– Мне? Как?
Гребер помедлил.
– Я слыхал, иногда наводят справки в гестапо. Возможно, поэтому нам бы не следовало ничего затевать.
Элизабет остановилась.
– Что еще ты слыхал?
– Ничего. Только вдруг испугался.
– Думаешь, меня могут арестовать из-за того, что мы хотим пожениться?
– Да нет.
– А почему тогда? Думаешь, докопаются, что мой отец в концлагере?
– Нет, дело не в этом, – перебил Гребер. – Это им наверняка известно. Я подумал, что лучше бы не привлекать к тебе ничье внимание. Гестапо непредсказуемо. Мало ли какая дурь взбредет им в голову. Ты же знаешь, как бывает. Никакой справедливости там в помине нету.
Секунду-другую Элизабет молчала. Потом сказала:
– Что же нам делать?
– Я целый день прикидывал так и этак. По-моему, делать больше нечего. Если мы сейчас заберем заявления, то, пожалуй, только привлечем еще больше внимания.
Она кивнула и как-то странно посмотрела на него:
– Все-таки можно попытаться.
– Поздно, Элизабет. Надо рискнуть и ждать, что будет.
Они пошли дальше. Фабрика располагалась на маленькой площади и была хорошо видна отовсюду. Гребер присмотрелся.
– Вас ни разу не бомбили?
– Пока нет.
– Здание расположено на открытом месте. И в нем легко разглядеть фабрику.
– У нас большие подвалы.
– Надежные?
– Пожалуй, более-менее.
Гребер посмотрел на Элизабет. Она шла рядом, не глядя на него.
– Ради бога, – сказал он, – пойми меня правильно. Я боюсь не за себя. Мне за тебя страшно.
– За меня бояться незачем.
– Ты сама не боишься?
– Я уже испытала все страхи, какие только есть. Для нового нет места.

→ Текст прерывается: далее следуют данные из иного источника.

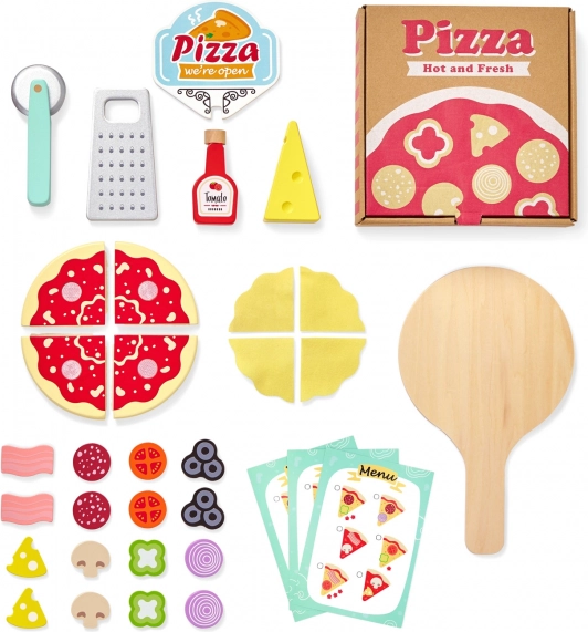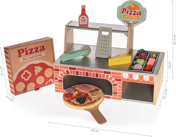 Drveni set Pizzeria idealna je igračka za male kuhare i ljubitelje pizze. Sadrži 34 dijela za vlastitu pizzeriju u vašoj sobi.

– А я вот боюсь, – сказал Гребер. – Когда любишь, возникает множество новых страхов, о которых раньше даже не догадывался.
Элизабет повернулась к нему. Теперь она вдруг заулыбалась. Он посмотрел на нее и кивнул:
– Я не забыл, чту говорил третьего дня. Неужели всегда нужно сперва испугаться, чтобы понять, что любишь кого-то?
– Не знаю. Но думаю, это помогает.
– Чертов костюм! Завтра я его не надену. Я-то думал, у гражданских завидная жизнь.
Элизабет рассмеялась:
– Все это только из-за костюма?
– Нет, – повеселев, сказал он. – Из-за того, что я снова живу. Снова живу и хочу жить. Вероятно, отсюда и страх. Весь день было ужасно. Теперь полегче, когда ты со мной. Причем ничего ведь не изменилось. Странно, как мало причин нужно для страха.
– И для любви, – сказала Элизабет. – Слава богу!
Гребер посмотрел на нее. Она шла рядом, свободно и беспечно. Она изменилась, подумал он. Меняется с каждым днем. Раньше боялась она, а я нет, теперь все наоборот.
Они миновали Гитлерплац. За церковью пылала вечерняя заря.